Among the problems with this are the increase in packaging per same amount of food, increasing the cost of freight, etc.  Personally, I think each food item has an ideal size, and that's what it should remain at.  What happens after they can't shrink anymore?  "New larger size!" they're sure to boast.  What they'll omit is that it's the same size they sold you five or ten years ago, but now the price is two or three times as much.

From The Consumerist:

Myron Reducto is at it again, turning his Grocery Shrink Ray Gun on Odwalla juice, zapping it down to 12 oz from 15. The price is the same. Like other food packagers, Odwalla is combining the shrinkage with a packaging redesign that it hopes will get more press. In this case, they are simultaneously rolling out bottles that are made from 100% plant based HDPE plastic.

Monday, April 18, 2011

Labels are there for a reason

Years ago, I read on the back page of Consumer Reports about the difference between regular and extra-strength decongestants.  One came in a yellow package, while the other came in green and was more expensive.  But both had the same amount of active ingredients.  Consumer Reports wrote a headline that read, "Yellow is for Sneezy.  Green is for Dopey."  

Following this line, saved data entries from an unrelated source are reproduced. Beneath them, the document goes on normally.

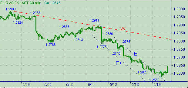 В связи с обозначавшейся коррекцией возникает много вопросов. Точнее вопрос то один, но вариантов ответов на него несколько. Вопрос такой: от какого нисходящего движения формируется коррекционная формация? Или по другому, какое нисходящее движение закончилось? Варианты ответов: закончилось нисходящее движение с началом от: 1.2911(11/05/05), 1.2988(5/05/05), 1.3124(21/04/05), 1.3480(11/03/05). От ответа на этот вопрос зависят наши ожидания на глубину коррекции. На текущий момент коррекционные целевые уровни рассматриваем в близи областей: 1.2730, 1.2785, 1.2915. Если рассматривать коррекцию от снижения курса в канале E-E+ на рис. 3, то добавляем ещё два целевых уровня: 1.2665 и 1.2690. Из всех этих уровней технически наиболее важным является уровень 1.2915, хотя бы по тому, что он выше остальных уровней расположен. Другая причина выделять 1.2915 - техническим сигналом на смену настроения участников рынка (понимайте - на смену тренда) будем считать закрытие дня выше 1.2915. Эта цифра соответствует сегодняшнему положению дел. По ходу дела этот критериальный уровень может изменяться, конечно под нашим бдительным наблюдением.
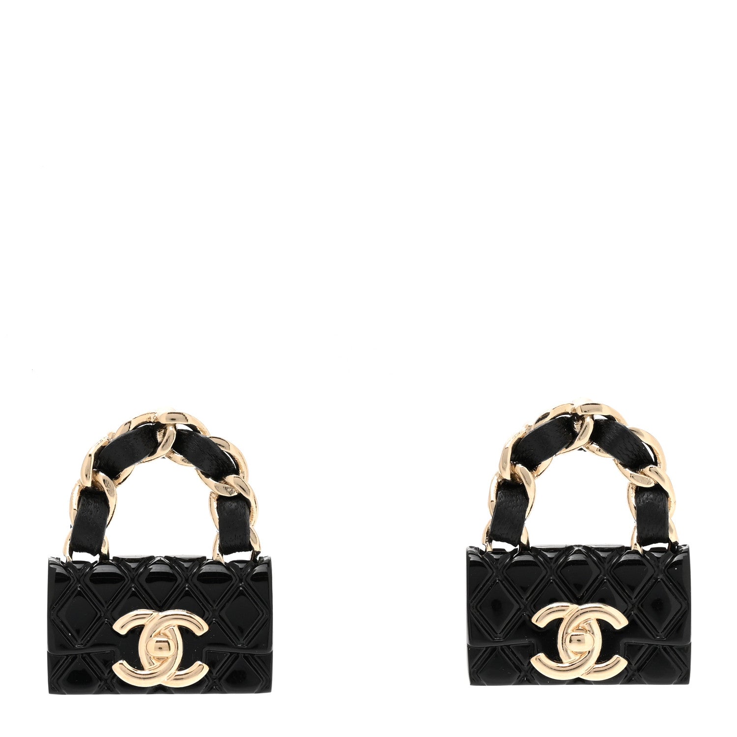 CHANEL METALLIC RESIN QUILTED CC TURNLOCK CHAIN FLAP EARRINGSCHANEL METALLIC RESIN QUILTED CC TURNLOCK CHAIN FLAP EARRINGS
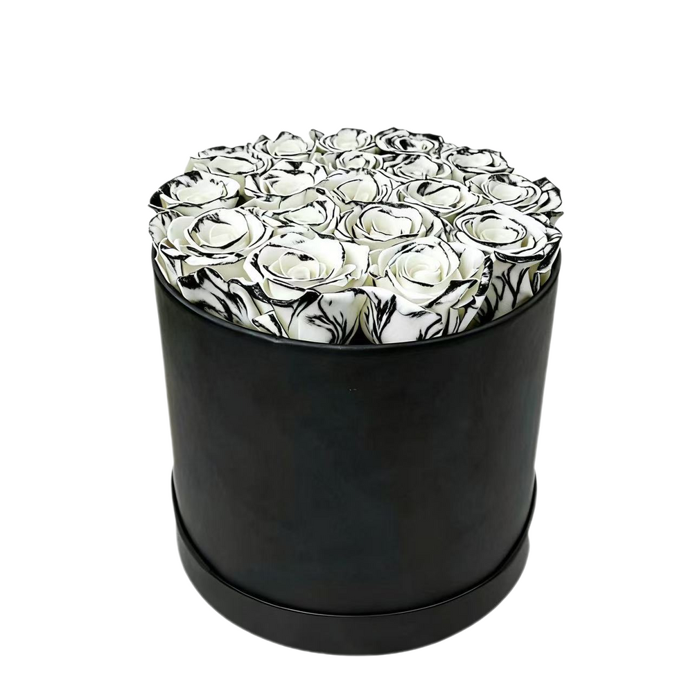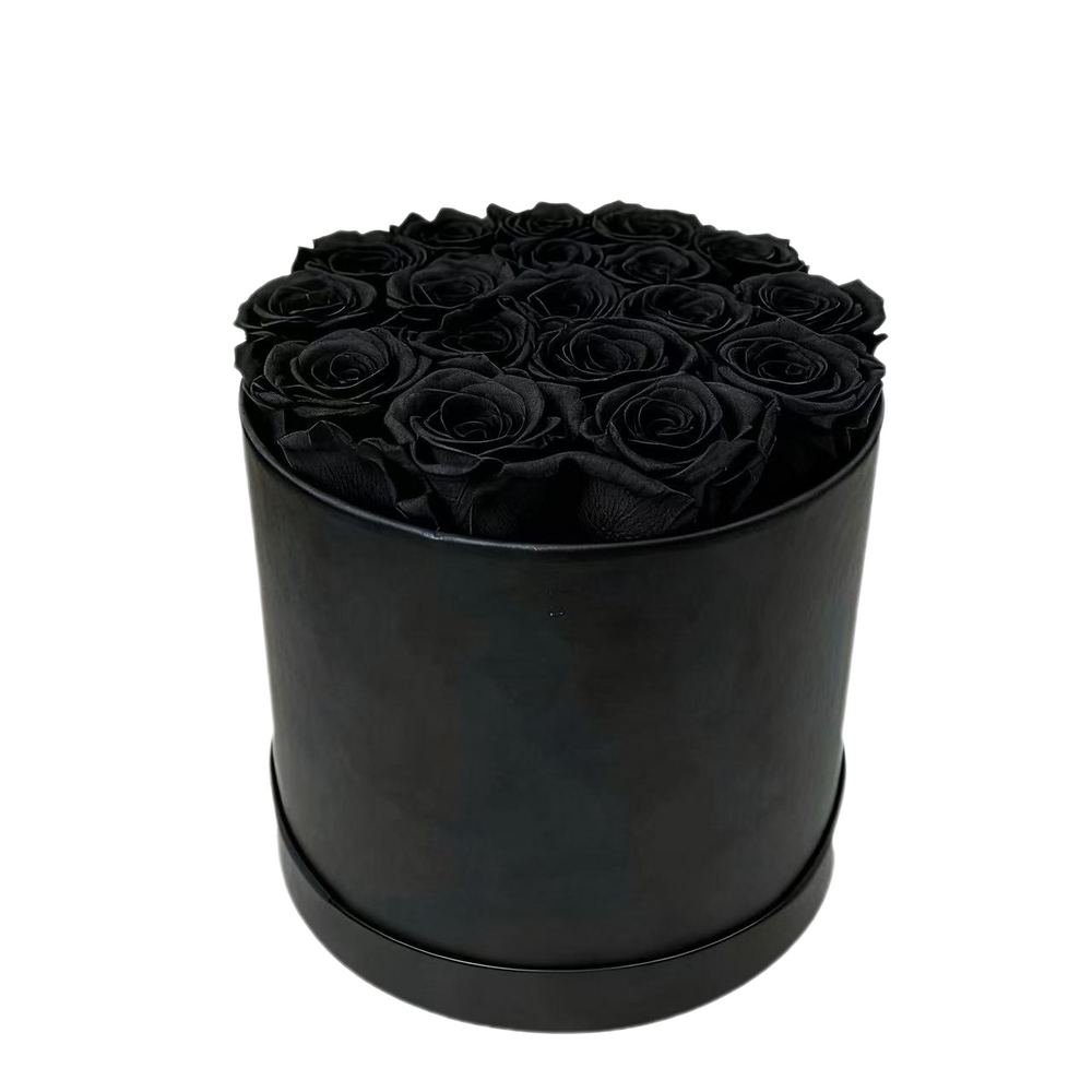 This Round box features 18 Red forever roses. Hand-picked and hand-crafted by the finest artisans, our preserved roses are placed in a Black box. The Parisian hat box design evokes elegance, and features an embossed gold Floral Isle stamp that adds a touch of luxury.

Labels have a purpose, and manufacturers who try to deceive their customers with misleading - or outright false - statements should be held accountable.

From The Consumerist:


Lawsuit: Campbell's "Regular" And "25% Less Sodium" Tomato Soup Both Contain 480mg Of Sodium

Here's a trick question: How much sodium does Campbell's "25% less sodium" tomato soup contain compared to regular Campbell's tomato soup? Would you believe that both contain 480 mg? And that the first one costs more? Four NJ housewives couldn't, and a federal judge has ruled that their lawsuit against Campbell's over what they call misleading labels can proceed.
Campbell's reply is that the "25% less sodium" claim is as compared to the average of "all varieties" of condensed soup, not tomato. "Campbell has complete confidence in the accuracy of our labels and our marketing communications and that they meet regulatory and other legal requirements," the company told Reuters.
regularvsreduced.jpgBelow the big yellow "25%" and big white "LESS SODIUM" on the front of the can in smaller yellow text it says "than regular condensed soup."
They may be right about meeting statutory requirements, but that doesn't mean a reasonable consumer can't still be mislead by the label on the front of the can. The lawsuit seeks class action status.